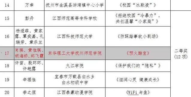 近日,由江西省教育厅主办的首届江西省“泰豪杯”校园安全教育短视频大赛评选结果正式公布,师范学院报送的由肖琪等四位同学完成的参赛作品《预火酷宝》从1381件作品中脱颖而出,荣获二等奖,也是我校唯一一件获奖作品。
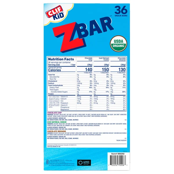 Clif Kid Organic ZBar, Variety Pack, 1.27 oz, 36-count
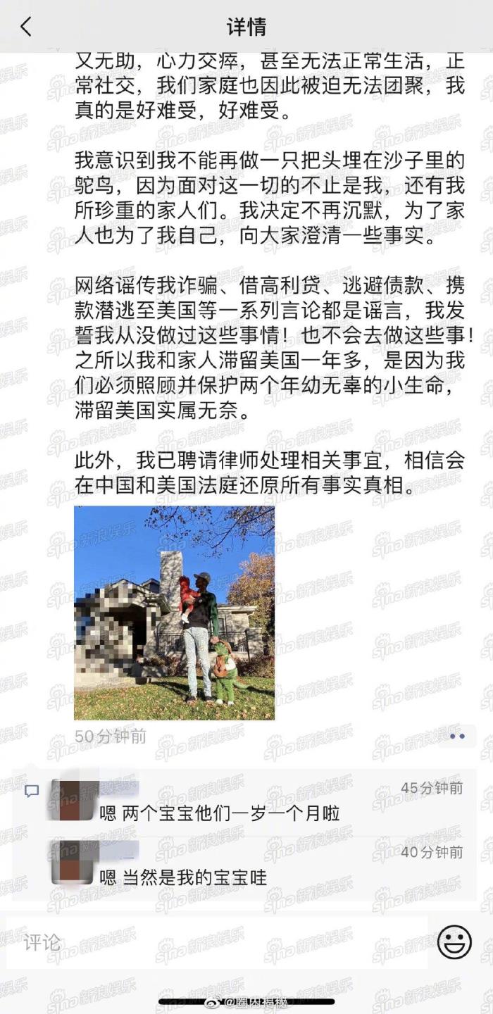 原本回应辟谣是正常操作,但张恒放出的照片,却引发网友讨论。而张恒的回应也很巧妙,对于这一年多的沉默,张恒表示是因为自己身在美国,而对于滞留美国的原因,他表示是因为要照顾两个无辜的小生命。

- Work to be completed: Apart from the pictures, every line above must be repeated exactly.

- Task solution:
 近日,由江西省教育厅主办的首届江西省“泰豪杯”校园安全教育短视频大赛评选结果正式公布,师范学院报送的由肖琪等四位同学完成的参赛作品《预火酷宝》从1381件作品中脱颖而出,荣获二等奖,也是我校唯一一件获奖作品。
 Clif Kid Organic ZBar, Variety Pack, 1.27 oz, 36-count
 原本回应辟谣是正常操作,但张恒放出的照片,却引发网友讨论。而张恒的回应也很巧妙,对于这一年多的沉默,张恒表示是因为自己身在美国,而对于滞留美国的原因,他表示是因为要照顾两个无辜的小生命。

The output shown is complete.